SERVES 3–4  

Ebly is the brand name of a wholegrain pure durum wheat harvested from wheat grown in Central France. The brand is so well known in France that the word is now used generally for this wheat. It can be boiled, baked in casseroles, steamed or fried. Ebly has a nutty flavour and absorbs other flavours really well. I often use it in a salad or in place of rice or pasta. This salad has a Moroccan feel to it, but you can change it around as you like. You could include diced tomatoes, diced capsicum, spring onions or red onion. Pomegranate seeds work really well instead of the fresh figs (use 4 tbsp).

250 g Ebly wheat

40 ml extra virgin olive oil

40 ml lemon juice

3–5 tbsp Moroccan ras el hanout spice mix

pinch of chilli flakes (optional)

2 handfuls of roasted almonds

1 diced Lebanese cucumber

2 handfuls of raisins

2 tbsp each of chopped mint, parsley and coriander

2 tbsp of diced preserved lemon (skin only)

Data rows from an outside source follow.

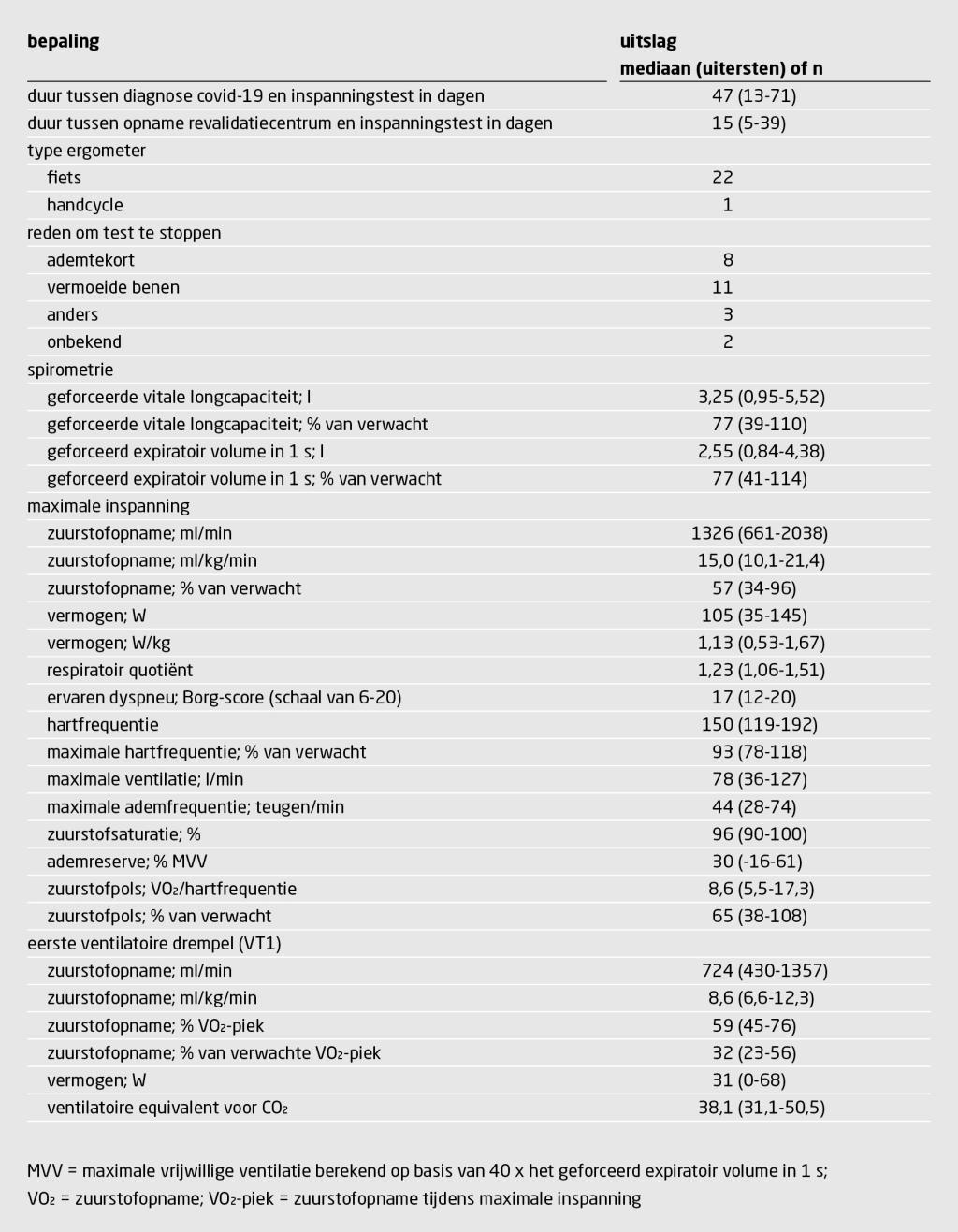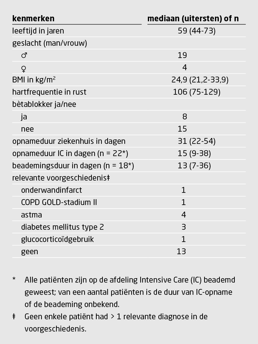 Tijdens de inspanningstest bereikten 23 patiënten hun maximale inspanningscapaciteit. Eén patiënt stopte de test vroegtijdig volgens onze criteria en is daarom niet meegenomen in de analyse. Van de overige deelnemers was de meerderheid man; de mediane leeftijd was 59 jaar en de mediane BMI 24,9 kg/m2 (tabel 1). Deze patiënten waren mediaan 15 dagen op de afdeling IC opgenomen en 13 dagen beademd geweest. Er zijn geen complicaties opgetreden bij de inspanningstesten. Wel werd bij 1 patiënt werd de test vroegtijdig afgebroken vanwege een verlaagde saturatie (< 90%). Deze patiënt was bekend met COPD (GOLD-stadium II).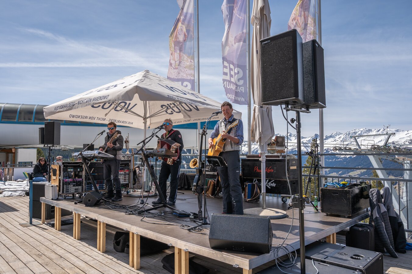 The musical programme kicks off from 11.30 am to 1.30 pm at the Gratli with the band VolksBeat. It continues from 1.00 pm to 3.00 pm at the Ascher Hütte, where Marco Wahrstaetter in a duo will ensure a great atmosphere. The day will draw to a close in style from 2.30 pm to 5.00 pm at the Medrigalm, where the band Oidholz will bring the day’s skiing to a musical close.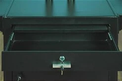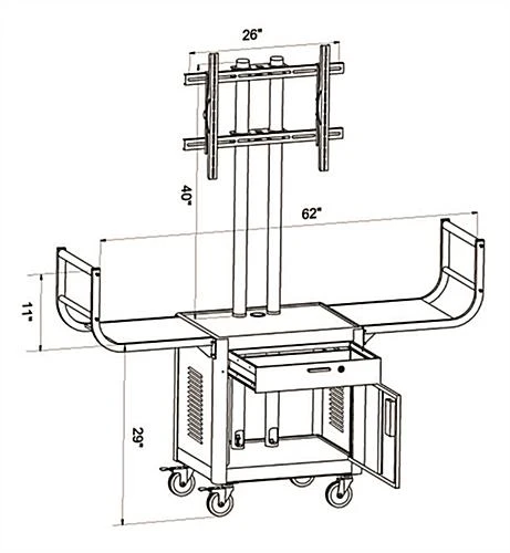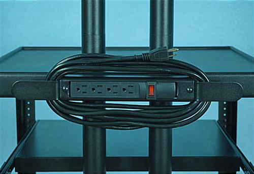 This plasma TV cart supports a flat panel television up to 65” in size. Equipped with 2 curved handles designed to allow easy maneuverability, these attachments also add protection for the large mounted screen. Transport a flat panel monitor and audio visual equipment at once with each rolling TV cart with 4 swivel casters (2 locking). Included with the television stand are a locking cabinet and drawer for presentation materials and additional devices to conveniently be kept out of sight and safely stored. Utilize the top of the pull out drawer as a surface to shelve laptops or other equipment. Fitted with a power strip including 4 outlets and a 15’ cord which can be coiled around the attached winder, each TV cart can be positioned accordingly for optimal viewing.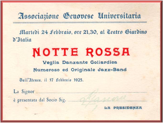Martedì 24 febbraio 1925, ore 21,30, al Teatro Giardino d'Italia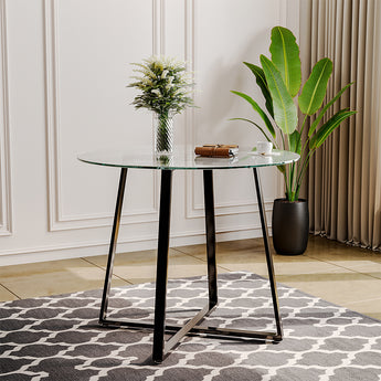 This modern round dining table has a metal base with a unique crossover setting technique and a tempered glass top for durability. The modern style design and simple looking silhouette make it easy to match with any home decor. In addition, the smooth table top makes it easy to wipe clean, suitable for use in a variety of rooms such as dining rooms, living rooms, etc. Sit around the table with friends or family and enjoy your leisure time!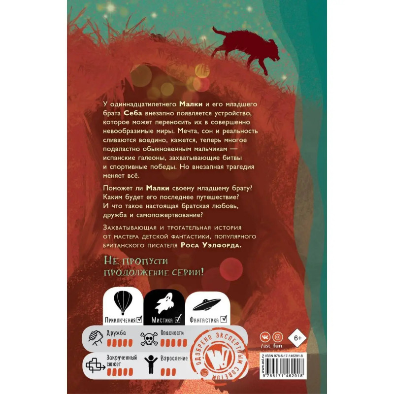 У одиннадцатилетнего Малки и его младшего брата Себа внезапно появляется устройство, которое может переносить их в совершенно невообразимые миры. Мечта, сон и реальность сливаются воедино - испанские галеоны, захватывающие битвы и спортивные победы - кажется, теперь всё подвластно обыкновенным мальчикам, но внезапная трагедия меняет всё. Поможет ли Малки своему младшему брату? Каким будет его последнее путешествие? И что такое настоящая братская любовь, дружба и самопожертвование? Захватывающая и трогательная история от мастера детской фантастики, популярного британского писателя Роса Уэлфорда.

4–5 fresh figs quartered or cut into eighths (depending on their size)

salt and pepper

Cook the Ebly in boiling salted water for 10–12 minutes till soft. Drain.

While warm, add the olive oil, lemon juice, ras el hanout and chilli flakes if you’re using them.

Gently but thoroughly mix in the rest of the ingredients. Taste and season.